Your instructions
Among the entries below, only the lines starting at the one with "ストーリーズに送信したコメントは、投稿主とのDM画面に表示されます。" and ending at the one with "Leeven 30 Inch", both included, are to be printed exactly.

Available data
————
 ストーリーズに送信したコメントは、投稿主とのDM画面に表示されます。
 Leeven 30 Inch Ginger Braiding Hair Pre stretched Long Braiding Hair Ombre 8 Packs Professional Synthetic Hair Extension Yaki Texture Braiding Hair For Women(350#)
————
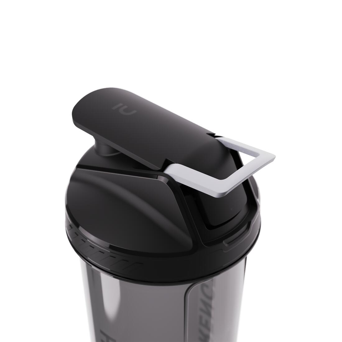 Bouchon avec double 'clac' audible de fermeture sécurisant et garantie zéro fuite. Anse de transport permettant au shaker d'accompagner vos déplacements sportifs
————
Solution
 ストーリーズに送信したコメントは、投稿主とのDM画面に表示されます。
 Leeven 30 Inch Ginger Braiding Hair Pre stretched Long Braiding Hair Ombre 8 Packs Professional Synthetic Hair Extension Yaki Texture Braiding Hair For Women(350#)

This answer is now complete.